Search code examples
c++parsingtokenize

How to tokenize special characters depending on whitespace (< > | & etc.)


I found a project done a few years ago found here that does some simple command line parsing. While I really like it's functionality, it does not support parsing special characters, such as <, >, &, etc. I went ahead and attempted to add some functionality to parse these characters specifically by adding some of the same conditions that the existing code used to look for whitespace, escape characters, and quotes:

bool _isQuote(char c) {
    if (c == '\"')
            return true;
    else if (c == '\'')
            return true;

    return false;
}

bool _isEscape(char c) {
    if (c == '\\')
        return true;

    return false;
}

bool _isWhitespace(char c) {
    if (c == ' ')
        return true;
    else if(c == '\t')
        return true;

    return false;
}
.
.
.

What I added:

bool _isLeftCarrot(char c) {
    if (c == '<')
        return true;

    return false;
}

bool _isRightCarrot(char c) {
    if (c == '>')
        return true;

    return false;
}

and so on for the rest of the special characters.

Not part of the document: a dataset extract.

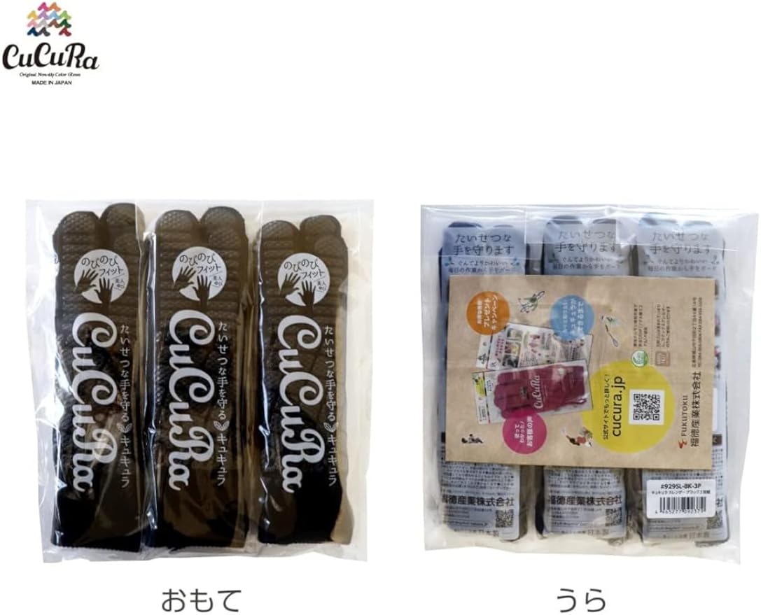 [福徳産業] CuCuRa(キュキュラ) すべり止め 軍手 作業用手袋 ブラック スレンダー 3双入 日本製 女性の手でもぴったりフィット 動かしやすい伸縮性 ラテックスフリー #929SL-BK-3P

I also tried the same approach as the existing code in the parse method:

std::list<string> parse(const std::string& args) {

    std::stringstream ain(args);            // iterates over the input string
    ain >> std::noskipws;                   // ensures not to skip whitespace
    std::list<std::string> oargs;           // list of strings where we will store the tokens

    std::stringstream currentArg("");
    currentArg >> std::noskipws;

    // current state
    enum State {
            InArg,          // scanning the string currently
            InArgQuote,     // scanning the string that started with a quote currently 
            OutOfArg        // not scanning the string currently
    };
    State currentState = OutOfArg;

    char currentQuoteChar = '\0';   // used to differentiate between ' and "
                                    // ex. "sample'text" 

    char c;
    std::stringstream ss;
    std::string s;
    // iterate character by character through input string
    while(!ain.eof() && (ain >> c)) {

            // if current character is a quote
            if(_isQuote(c)) {
                    switch(currentState) {
                            case OutOfArg:
                                    currentArg.str(std::string());
                            case InArg:
                                    currentState = InArgQuote;
                                    currentQuoteChar = c;
                                    break;
                            case InArgQuote:
                                    if (c == currentQuoteChar)
                                            currentState = InArg;
                                    else
                                            currentArg << c;
                                    break;
                    }
            }
            // if current character is whitespace
            else if (_isWhitespace(c)) {
                        switch(currentState) {
                            case InArg:
                                    oargs.push_back(currentArg.str());
                                    currentState = OutOfArg;
                                    break;
                            case InArgQuote:
                                    currentArg << c;
                                    break;
                            case OutOfArg:
                                    // nothing
                                    break;
                    }
            }
            // if current character is escape character
            else if (_isEscape(c)) {
                    switch(currentState) {
                            case OutOfArg:
                                    currentArg.str(std::string());
                                    currentState = InArg;
                            case InArg:
                            case InArgQuote:
                                    if (ain.eof())
                                    {
                                            currentArg << c;
                                            throw(std::runtime_error("Found Escape Character at end of file."));
                                    }
                                    else {
                                            char c1 = c;
                                            ain >> c;
                                            if (c != '\"')
                                                    currentArg << c1;
                                            ain.unget();
                                            ain >> c;
                                            currentArg << c;
                                    }
                                    break;
                    }
            }

What I added in the parse method:

            // if current character is left carrot (<)
            else if(_isLeftCarrot(c)) {
                    // convert from char to string and push onto list
                    ss << c;
                    ss >> s;
                    oargs.push_back(s);
            }
            // if current character is right carrot (>)
            else if(_isRightCarrot(c)) {
                    ss << c;
                    ss >> s;
                    oargs.push_back(s);
            }
.
.
.
            else {
                    switch(currentState) {
                            case InArg:
                            case InArgQuote:
                                    currentArg << c;
                                    break;
                            case OutOfArg:
                                    currentArg.str(std::string());
                                    currentArg << c;
                                    currentState = InArg;
                                    break;
                    }
            }
    }

    if (currentState == InArg) {
            oargs.push_back(currentArg.str());
            s.clear();
    }
    else if (currentState == InArgQuote)
            throw(std::runtime_error("Starting quote has no ending quote."));

    return oargs;
}

parse will return a list of strings of the tokens.

However, I am running into issues with a specific test case when the special character is attached to the end of the input. For example, the input

foo-bar&

will return this list: [{&},{foo-bar}] instead of what I want: [{foo-bar},{&}]

I'm struggling to fix this issue. I am new to C++ so any advice along with some explanation would be great help.


Solution

  • When you handle one of your characters, you need to do the same sorts of things that the original code does when it encounters a space. You need to look at the currentState, then save the current argument if you are in the middle of one (and reset it since you no longer are in one).